- Problem details: Where the listing below reaches the line containing "Mechanical Skull - Victorian", start writing out lines exactly, and stop once the line containing "Women’s Patent Leather" has been written.
*** Material for the task ***
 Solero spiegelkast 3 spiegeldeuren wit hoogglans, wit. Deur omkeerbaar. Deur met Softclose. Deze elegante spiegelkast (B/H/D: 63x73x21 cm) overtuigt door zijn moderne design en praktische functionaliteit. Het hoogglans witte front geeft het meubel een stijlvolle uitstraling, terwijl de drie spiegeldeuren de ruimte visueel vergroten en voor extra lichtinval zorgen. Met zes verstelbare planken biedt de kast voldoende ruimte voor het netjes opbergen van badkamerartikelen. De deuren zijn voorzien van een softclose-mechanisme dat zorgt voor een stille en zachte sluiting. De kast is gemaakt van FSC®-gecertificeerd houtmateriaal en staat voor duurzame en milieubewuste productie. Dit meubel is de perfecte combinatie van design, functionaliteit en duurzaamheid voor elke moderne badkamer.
*** End of Material for the task ***
*** Material for the task ***
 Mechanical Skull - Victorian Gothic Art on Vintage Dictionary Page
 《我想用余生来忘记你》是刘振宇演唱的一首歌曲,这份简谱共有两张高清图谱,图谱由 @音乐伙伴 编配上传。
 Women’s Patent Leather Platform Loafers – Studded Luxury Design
*** End of Material for the task ***
- Result of the exercise:
 Mechanical Skull - Victorian Gothic Art on Vintage Dictionary Page
 《我想用余生来忘记你》是刘振宇演唱的一首歌曲,这份简谱共有两张高清图谱,图谱由 @音乐伙伴 编配上传。
 Women’s Patent Leather Platform Loafers – Studded Luxury Design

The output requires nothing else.